### TRY IT
Each line from the top of the listing down to and including the line with "证券之星消息,沪深交易所20" must be duplicated exactly; pictures are to be skipped.

### SOURCE MATERIAL
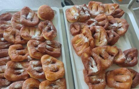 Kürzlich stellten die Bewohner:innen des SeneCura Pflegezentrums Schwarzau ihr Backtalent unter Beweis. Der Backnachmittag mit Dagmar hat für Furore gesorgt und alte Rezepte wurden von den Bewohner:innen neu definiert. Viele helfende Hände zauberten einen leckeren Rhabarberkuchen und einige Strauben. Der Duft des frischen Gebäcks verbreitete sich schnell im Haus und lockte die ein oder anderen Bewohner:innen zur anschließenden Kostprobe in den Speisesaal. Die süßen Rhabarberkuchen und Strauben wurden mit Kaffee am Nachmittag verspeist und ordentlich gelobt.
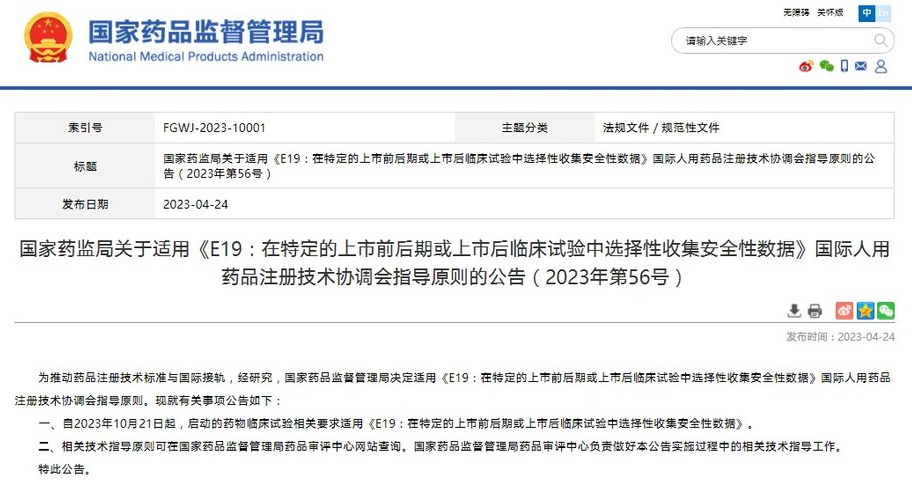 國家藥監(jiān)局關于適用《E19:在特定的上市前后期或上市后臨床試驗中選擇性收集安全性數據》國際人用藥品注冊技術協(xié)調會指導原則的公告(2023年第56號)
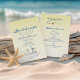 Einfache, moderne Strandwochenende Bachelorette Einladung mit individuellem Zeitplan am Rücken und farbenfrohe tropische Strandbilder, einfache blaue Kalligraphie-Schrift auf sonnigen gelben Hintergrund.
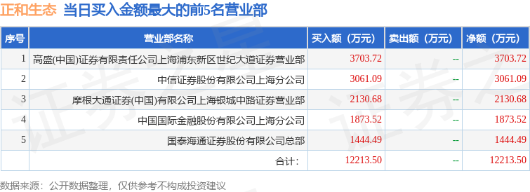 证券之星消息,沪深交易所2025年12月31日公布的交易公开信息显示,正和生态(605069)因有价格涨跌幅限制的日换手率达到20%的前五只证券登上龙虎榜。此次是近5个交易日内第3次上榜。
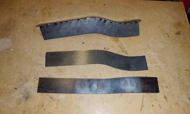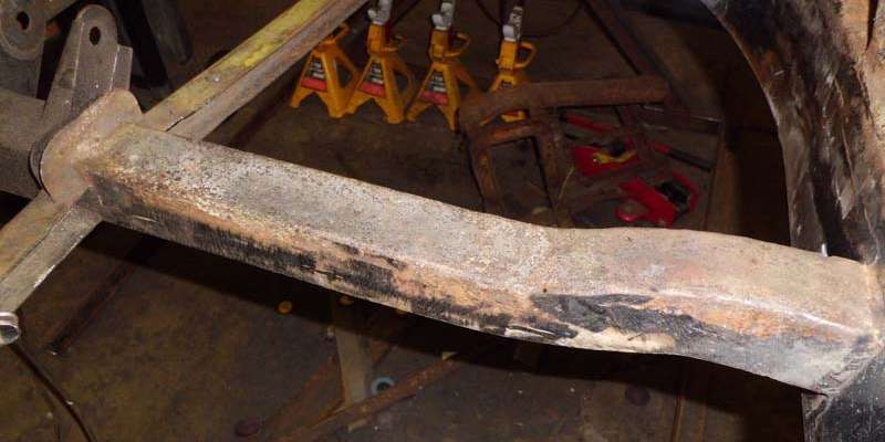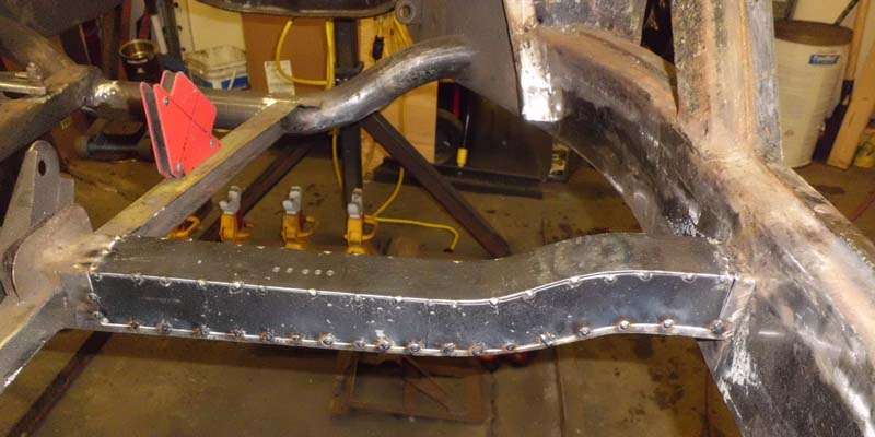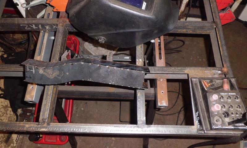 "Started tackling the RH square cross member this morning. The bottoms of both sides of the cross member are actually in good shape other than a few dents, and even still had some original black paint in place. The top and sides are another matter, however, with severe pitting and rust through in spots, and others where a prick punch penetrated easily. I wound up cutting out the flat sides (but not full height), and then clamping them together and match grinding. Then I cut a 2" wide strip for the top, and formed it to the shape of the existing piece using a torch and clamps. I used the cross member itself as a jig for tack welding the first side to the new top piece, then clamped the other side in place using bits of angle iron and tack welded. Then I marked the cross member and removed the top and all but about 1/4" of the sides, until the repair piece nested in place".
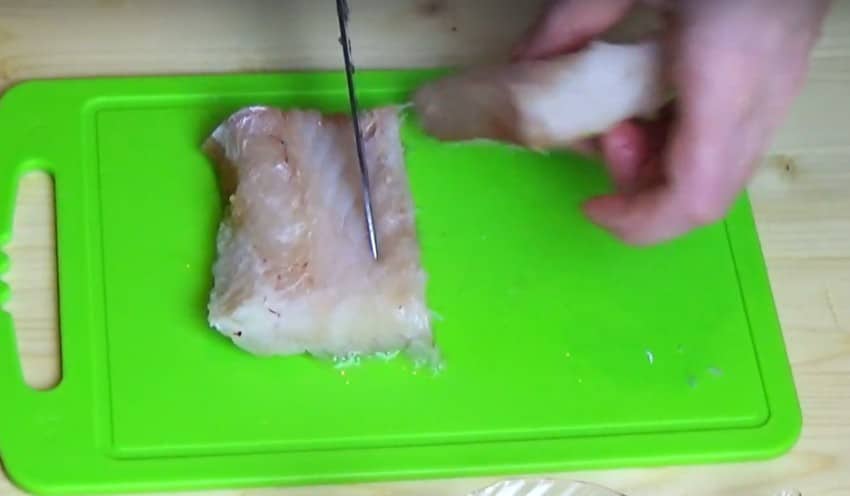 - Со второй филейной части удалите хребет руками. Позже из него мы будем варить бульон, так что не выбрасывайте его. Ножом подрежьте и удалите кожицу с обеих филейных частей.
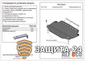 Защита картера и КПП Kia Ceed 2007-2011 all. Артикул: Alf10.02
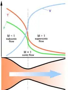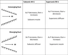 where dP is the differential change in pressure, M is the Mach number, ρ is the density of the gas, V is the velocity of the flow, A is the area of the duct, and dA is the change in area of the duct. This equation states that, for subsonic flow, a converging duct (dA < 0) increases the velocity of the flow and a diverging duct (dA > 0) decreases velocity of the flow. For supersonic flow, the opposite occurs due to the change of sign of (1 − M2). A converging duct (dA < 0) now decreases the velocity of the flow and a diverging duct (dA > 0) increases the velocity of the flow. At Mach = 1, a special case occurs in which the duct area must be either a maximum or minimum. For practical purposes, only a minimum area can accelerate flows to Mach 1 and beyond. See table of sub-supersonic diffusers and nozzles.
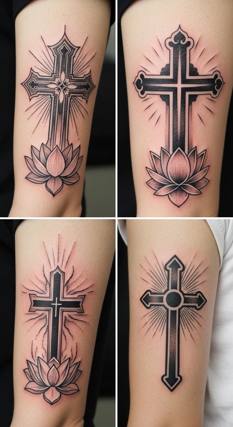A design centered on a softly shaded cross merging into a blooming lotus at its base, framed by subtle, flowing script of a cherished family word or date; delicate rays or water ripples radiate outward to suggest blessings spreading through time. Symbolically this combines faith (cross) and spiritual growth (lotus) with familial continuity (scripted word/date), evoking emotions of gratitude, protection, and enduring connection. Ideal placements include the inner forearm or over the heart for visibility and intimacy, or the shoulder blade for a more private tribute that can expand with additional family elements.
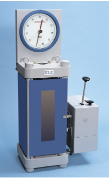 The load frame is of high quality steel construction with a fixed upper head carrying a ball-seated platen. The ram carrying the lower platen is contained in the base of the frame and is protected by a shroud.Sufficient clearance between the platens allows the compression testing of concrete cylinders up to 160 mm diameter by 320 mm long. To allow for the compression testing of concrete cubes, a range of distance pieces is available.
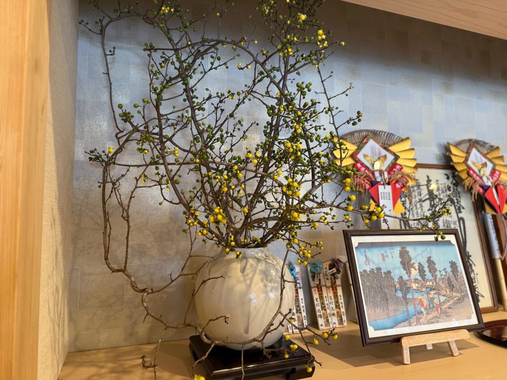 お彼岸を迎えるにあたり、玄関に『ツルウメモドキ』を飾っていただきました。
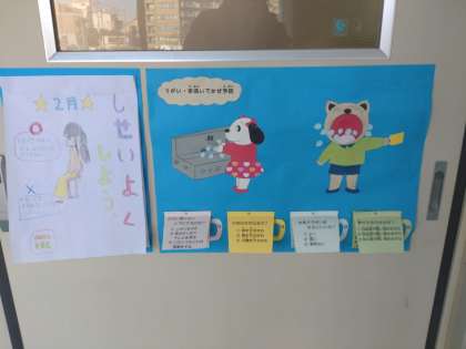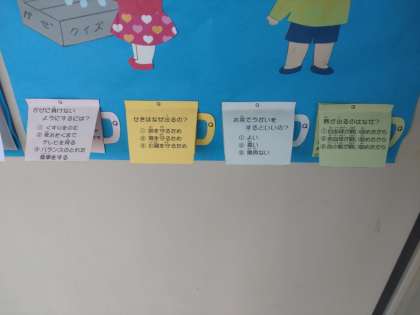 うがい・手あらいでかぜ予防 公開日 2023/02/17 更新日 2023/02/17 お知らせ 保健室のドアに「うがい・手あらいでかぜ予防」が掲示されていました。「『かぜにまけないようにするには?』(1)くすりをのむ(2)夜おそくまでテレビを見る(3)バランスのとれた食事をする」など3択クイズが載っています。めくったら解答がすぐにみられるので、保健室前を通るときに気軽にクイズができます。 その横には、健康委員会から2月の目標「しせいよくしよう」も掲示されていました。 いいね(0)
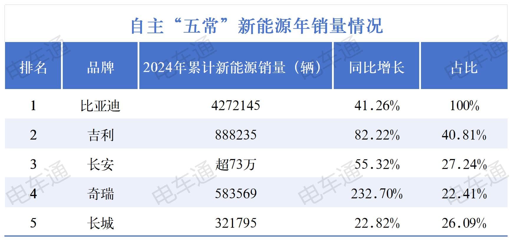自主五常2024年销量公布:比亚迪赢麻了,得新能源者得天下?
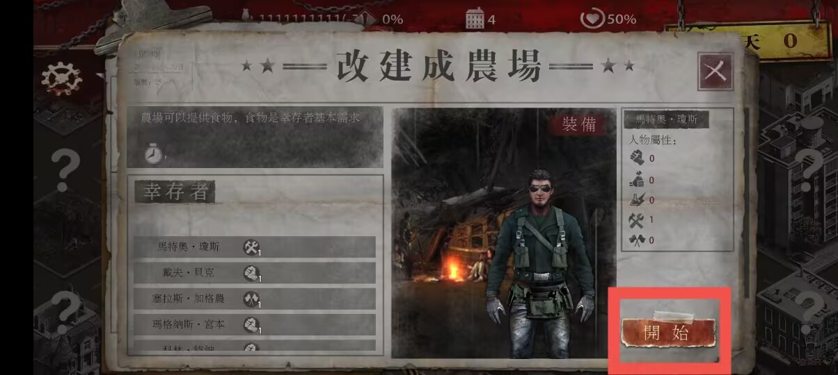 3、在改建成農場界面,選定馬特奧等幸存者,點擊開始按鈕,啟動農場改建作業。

### ANSWER TO THIS TASK
 Kürzlich stellten die Bewohner:innen des SeneCura Pflegezentrums Schwarzau ihr Backtalent unter Beweis. Der Backnachmittag mit Dagmar hat für Furore gesorgt und alte Rezepte wurden von den Bewohner:innen neu definiert. Viele helfende Hände zauberten einen leckeren Rhabarberkuchen und einige Strauben. Der Duft des frischen Gebäcks verbreitete sich schnell im Haus und lockte die ein oder anderen Bewohner:innen zur anschließenden Kostprobe in den Speisesaal. Die süßen Rhabarberkuchen und Strauben wurden mit Kaffee am Nachmittag verspeist und ordentlich gelobt.
 國家藥監(jiān)局關于適用《E19:在特定的上市前后期或上市后臨床試驗中選擇性收集安全性數據》國際人用藥品注冊技術協(xié)調會指導原則的公告(2023年第56號)
 Einfache, moderne Strandwochenende Bachelorette Einladung mit individuellem Zeitplan am Rücken und farbenfrohe tropische Strandbilder, einfache blaue Kalligraphie-Schrift auf sonnigen gelben Hintergrund.
 证券之星消息,沪深交易所2025年12月31日公布的交易公开信息显示,正和生态(605069)因有价格涨跌幅限制的日换手率达到20%的前五只证券登上龙虎榜。此次是近5个交易日内第3次上榜。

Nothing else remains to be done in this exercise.